Задув светильник, она отворяет дверь, и все трое выходят на дневной свет. Кукша и Шульга с недоумением смотрят на нее, но она сердито подгоняет их:

– Чего уставились? Скорее!

Друзья поспешно вскакивают на коней, Вада садится позади Кукши, и все трое выезжают из города. По дороге Вада немного успокаивается.

– Я слыхала, что вы идете сегодня вечером со своим жрецом в Жидовский город? – спрашивает она.

– Да, – подтверждают они, удивленно переглядываясь.

– Лучше бы вам туда не ходить вовсе… Только вы все равно меня не послушаете… Поэтому будьте настороже: по дороге вас ждет засада. Нападут скорее всего глухой ночью, когда вы будете возвращаться. Их будет, кажется, трое.

– Свербей хлопочет? – понимающе спрашивает Шульга.

Не отвечая на вопрос, Вада говорит:

– Мне плевать на царьградских черных воронов, которые посланы расклевать наших добрых старых богов. Но на друзей мне не наплевать.

Ей все-таки приходится рассказать друзьям подробности события, произошедшего в ту страшную весеннюю ночь, когда ее друзья преспокойно спали на одном из привалов по дороге в Корсунь.

– Среди ночи вламываются в мой дом… Спросонок страх сковал меня… я не могла ни шевельнуться, ни крикнуть… Может быть, это и к лучшему – если бы я могла кричать или сопротивляться, они меня скорее всего убили бы и бросили в Днепр уже мертвую… Когда Костыга забил мне рот паклей и стал связывать руки, я изо всех сил старалась не дать ему чересчур крепко стянуть их. Это меня и спасло. И еще то, что у меня узкая рука…

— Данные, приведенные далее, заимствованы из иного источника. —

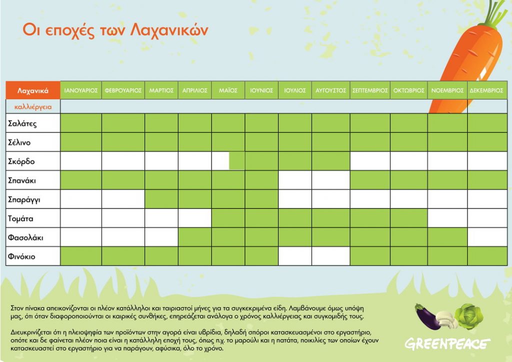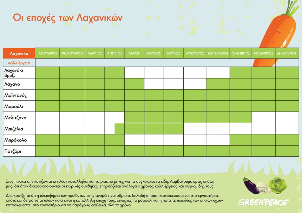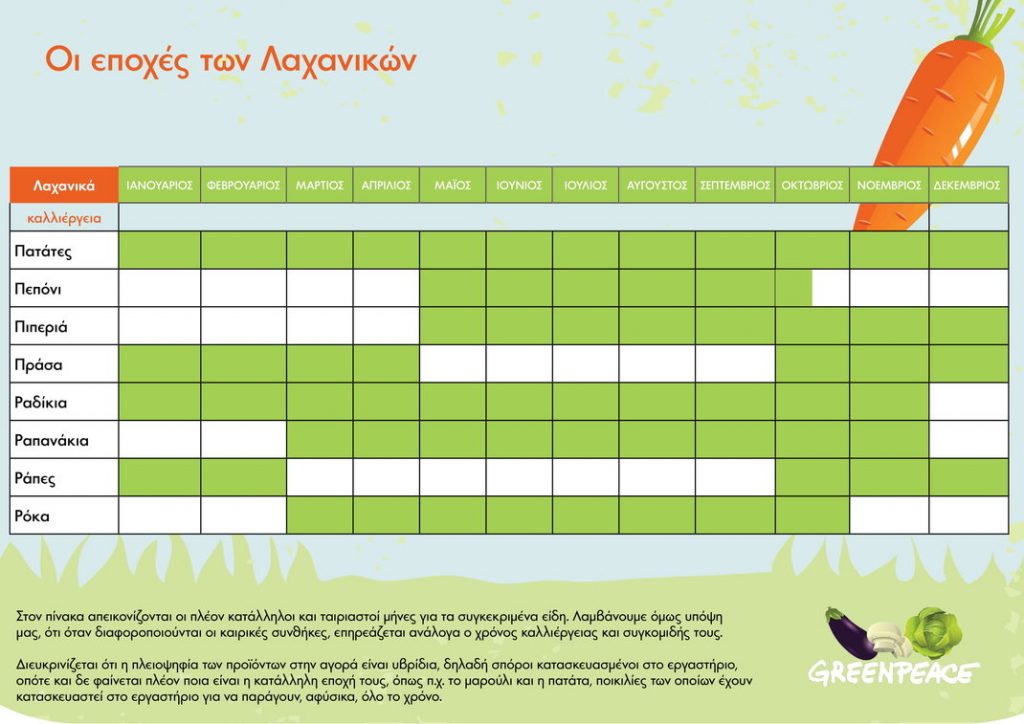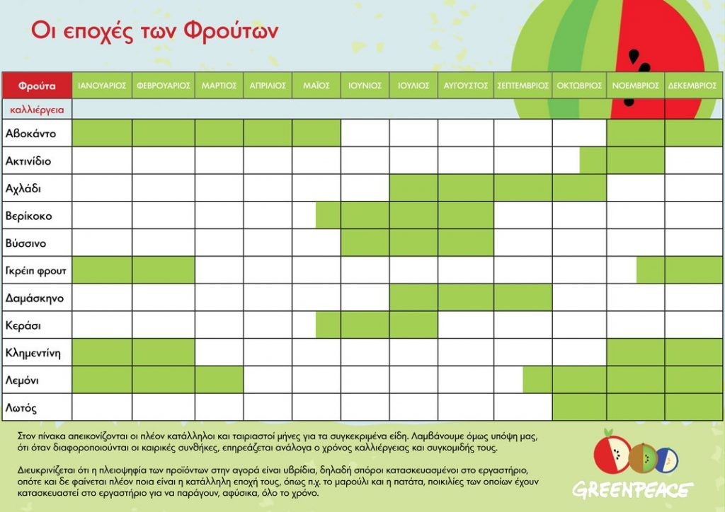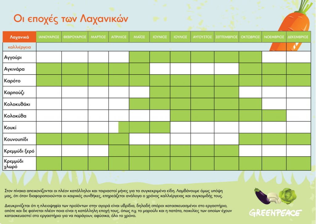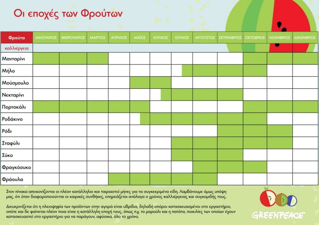 Γι’ αυτό η Greenpeace δημοσίευσε αναλυτικούς πίνακες για να ξέρουμε ποιοι μήνες είναι οι κατάλληλοι για να απολαύσουμε τα πιο δημοφιλή φρούτα και λαχανικά. Όταν αγοράζουμε τα οπωροκηπευτικά στην εποχή τους, ξέρουμε ότι καταναλώνουμε την πιο φρέσκια, φυσική και θρεπτική εκδοχή τους.
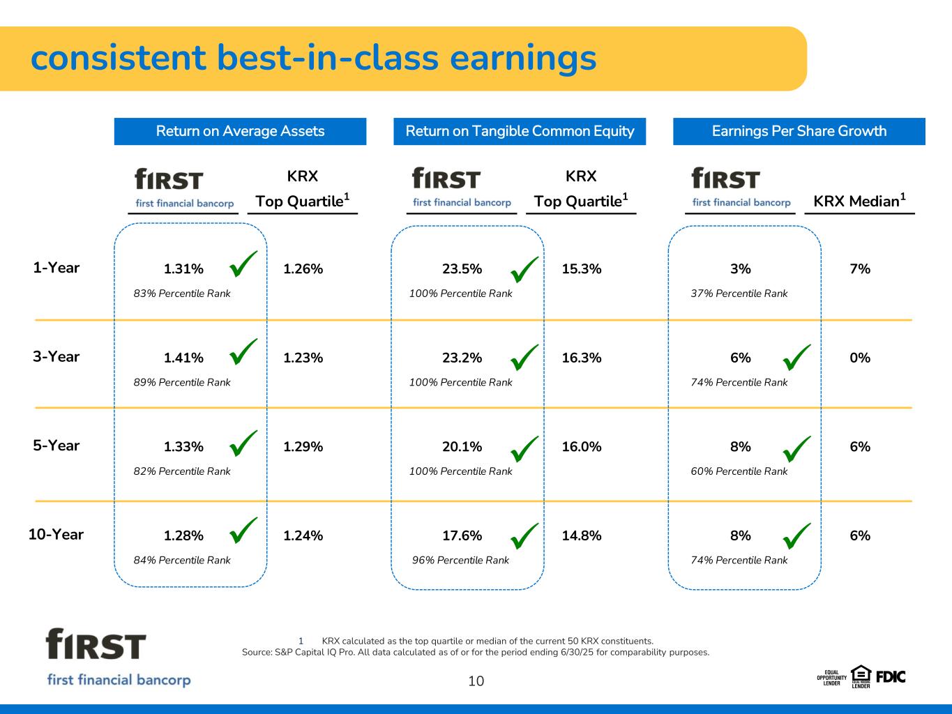 KRX Constituents FFBC Bottom Top Q3 Quartile Median Quartile Actual ROAA 1.03% 1.25% 1.44% 1.54% ROATCE 13.3% 14.9% 16.9% 19.1% Net Interest Margin 3.25% 3.47% 3.80% 4.02% Noninterest Income / Net Revenue 13.6% 18.1% 22.1% 31.4% Loans + HTM / Deposits 97% 92% 86% 82% Cash + AFS Securities / Assets 14% 16% 21% 22% ACL / Gross Loans 1.07% 1.22% 1.35% 1.38% NPAs / Assets 0.64% 0.50% 0.36% 0.41% CET1 Ratio 11.2% 12.1% 13.7% 12.9% Total RBC Ratio 14.1% 14.8% 16.0% 15.3% Consolidated CRE / RBC1 266% 212% 180% 194% a top quartile performer 9 Top Quartile & Diversified Profitability Liquid Balance Sheet With Strong Credit and Capital Indicates Peer Top Quartile Indicates Peer Median 1 Data for the quarter ending 6/30/25 for comparability purposes. CRE balances per bank regulatory filings. Source: S&P Capital IQ Pro. All data calculated as of or for the quarter ending 9/30/25 unless otherwise noted and excludes the impact of Westfield Bancorp and BankFinancial acquisitions.

Вада показывает друзьям кисть руки, которая и вправду не намного шире запястья.

– Когда они несли меня в мешке, я изо всех сил старалась растянуть веревки, тут уж я не чувствовала ни страха, ни боли, помнила только, что шевелиться мне следует осторожно – как бы они не догадались, зачем я шевелюсь. Сначала я вытаскивала из веревок правую руку и у меня ничего не получалось. Потом смекнула, что левая всегда чуть меньше правой, стала вытаскивать ее и в конце концов получилось. Больше я уже не шевелилась, ждала, что дальше будет… Я знала из их разговоров, что Потвора велела им меня утопить. Они ведь меня не таились – зачем, если я все равно скоро умру? Когда они меня сбросили с городской стены, я даже боли не почувствовала – там внизу земляной вал, откос… Но после этого я притворилась мертвой – старалась не дышать… Потом, дойдя до Днепра, они бросили меня с обрыва, чтобы не тащить вниз… А внизу развязали мешок, положили камень и опять завязали. И, отплыв на лодке от берега, бросили в Днепр…

Вада несколько мгновений молчит, ее пробирает дрожь при воспоминании о той ночи.

– Мне повезло, – говорит она, – что они не поленились положить камень в мешок и что я сразу пошла ко дну. Без камня я могла бы еще неизвестно сколько-то плыть по поверхности, может быть, рядом с лодкой, и захлебнуться. Могли бы меня и веслом ударить, чтобы быстрее тонула… Но я пошла ко дну, вытащила паклю изо рта, разрезала мешок, выбралась из него и вынырнула на поверхность – уже далеко от них. Воды я, конечно, нахлебалась, еле откашлялась… Вода была холодная, ведь совсем недавно лед прошел…

– Ну, а потом? – спрашивает взволнованный Кукша.

– Потом? – задумчиво переспрашивает Вада.

– На берег я выплыла ниже Угорьска. И лесами, оврагами пришла на одну знакомую усадьбу.

В Зверине Вада слезает с коня.

– Что нам отвечать Оскольду, если спросит? – говорит Кукша.

– Отвечайте, как есть: отвезли в лес, в Зверин.